Position of Damages, Injunction and Indemnity under Indian Contract Act


and Specific Relief Act

Damages

The concept of Damages has been provided under Section 73 of The Indian
Contract Act, 1872, The statute encourages parties to a contract to comply with
their respective obligation and instinctively frowns upon a breach by either party.
Thereby, as soon as either party commits a breach of the contract the law gives to
the other remedies one is entitled to obtain
➢ Damages for the loss incurred
➢ A decree for specific performance
➢ And an injunction

Injunction

Whereby under Section 37(2) of Specific Relief Act- A injunction can only be
granted by the decree made at the hearing and upon the merits of the suit the
defendant is thereby perpetually prevented from the assertion of a right, or from
the commission of an act, which would be contrary to the rights of the plaintiff.
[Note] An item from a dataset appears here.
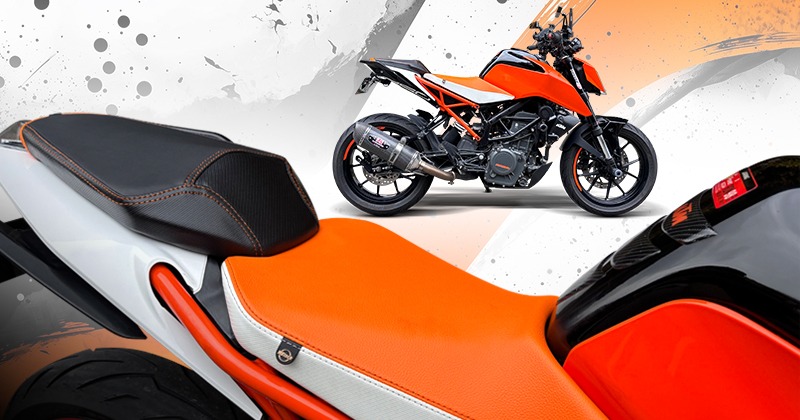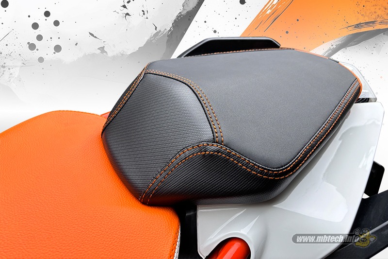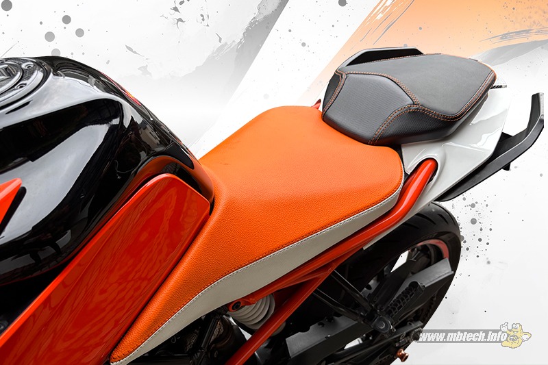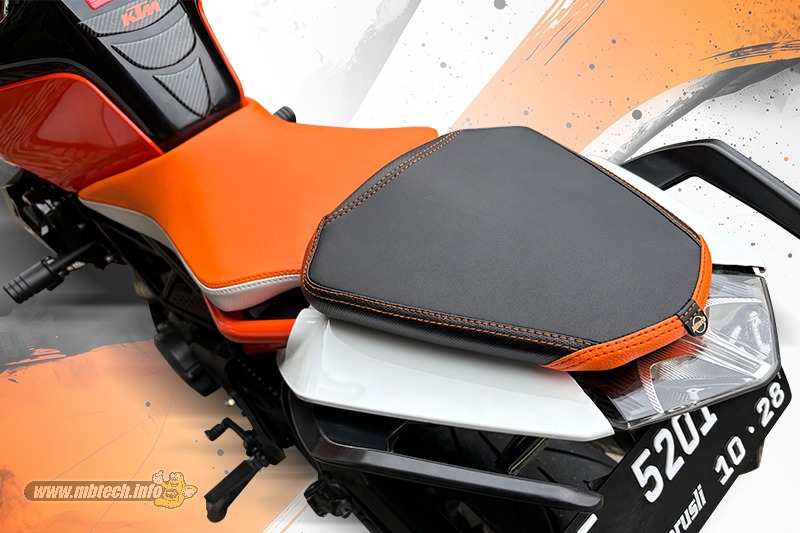 Seatmaker KSR Jok Motor mendesain jok dengan warna senada livery KTM Duke 250 milik Cici, yaitu perpaduan bahan MBtech Camaro Fiesta warna Orange (MB 7003) di dudukan jok rider dan aksen White (MBRC 2302) bercorak karbon dari MBtech Riders-Cruiser di sisi sampingnya.

It has been established that while seeking to execute an injunction, the plaintiff
must do so with clean hands.The court maintains broad discretion in granting or
refusing an injunction. The remedy cannot be acquired as a matter of right, no
matter how compelling the applicant's claim is. The discretion to issue an
injunction must consequently be used with extreme caution, evaluation, and regard.
It is an unique ability that carries the possibility of inflicting losses or
disadvantages on the innocent person. As a result, the award of an injunction is not
definitive.

Indemnity
Concept of Indemnity has been outlined under Section 124 of The Indian Contract
Act, 1872 where it clearly states that, “A contract by which one party promises to
save the other from loss caused to him by the contract of the promisor himself or
by the conduct of any other person is called a contract of indemnity”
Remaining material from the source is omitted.